(Re)Drawing Histories

(Re)Drawing Histories is a hands-on studio course that will employ drawing and printmaking techniques to unpack and reimagine cultural and personal histories. Using Palileo’s process of research-based methodology, students will explore oral histories and photographic and literary influences that will become resources for their drawings, paper cut-outs, rubbings, and prints. Participation in this class will also include a tour of Palileo’s exhibition, Meandering Curves of a Creek, which draws from research done at the Newberry Library in Chicago.

Price: $150

Audience: Open to all adults regardless of experience.

Materials: All materials provided to students in class.

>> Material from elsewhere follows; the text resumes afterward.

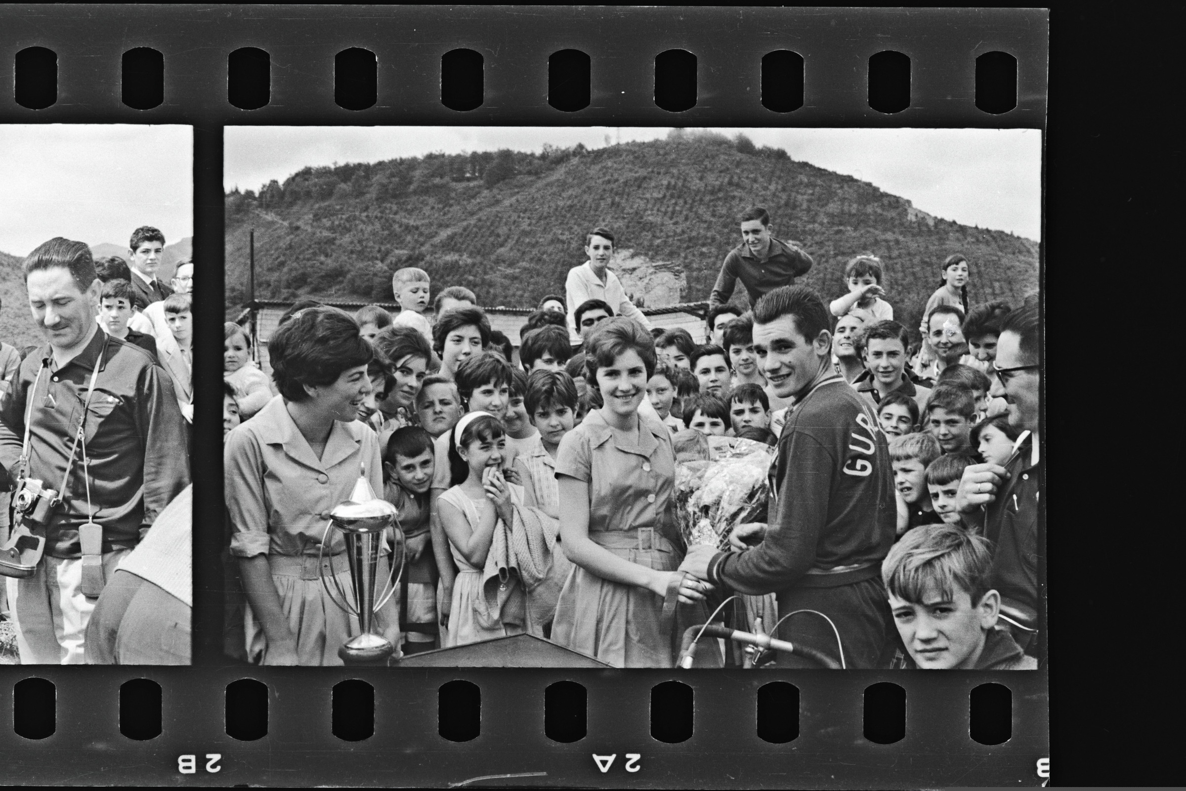| Ciclista recogiendo el ramo de flores del ganador | V premio San Lorenzo. Vencedor: Aranzabal |

Maia Cruz Palileo is a multi-disciplinary, Brooklyn-based artist. Migration and the permeable concept of home are constant themes in her paintings, installations, sculptures, and drawings. Influenced by the oral history of her family’s arrival in United States from the Philippines, as well as the history between the two countries, Maia infuses these narratives using both memory and imagination. When stories and memories are subjected to time and constant retelling, the narratives become questionable, bordering the line between fact and fiction, while remaining cloaked in the convincingly familiar.

Maia is a recipient of the Jerome Foundation Travel and Study Program Grant, Rema Hort Mann Foundation Emerging Artist Grant, NYFA Painting Fellowship, Joan Mitchell Foundation MFA Award and the Astraea Visual Arts Fund Award. She received an MFA in sculpture from Brooklyn College, City University of New York and BA in Studio Art at Mount Holyoke College, Massachusetts. Maia has participated in residencies at Skowhegan School of Painting and Sculpture, Maine, Lower East Side Print Shop, New York, Millay Colony, New York and the Joan Mitchell Center, New Orleans.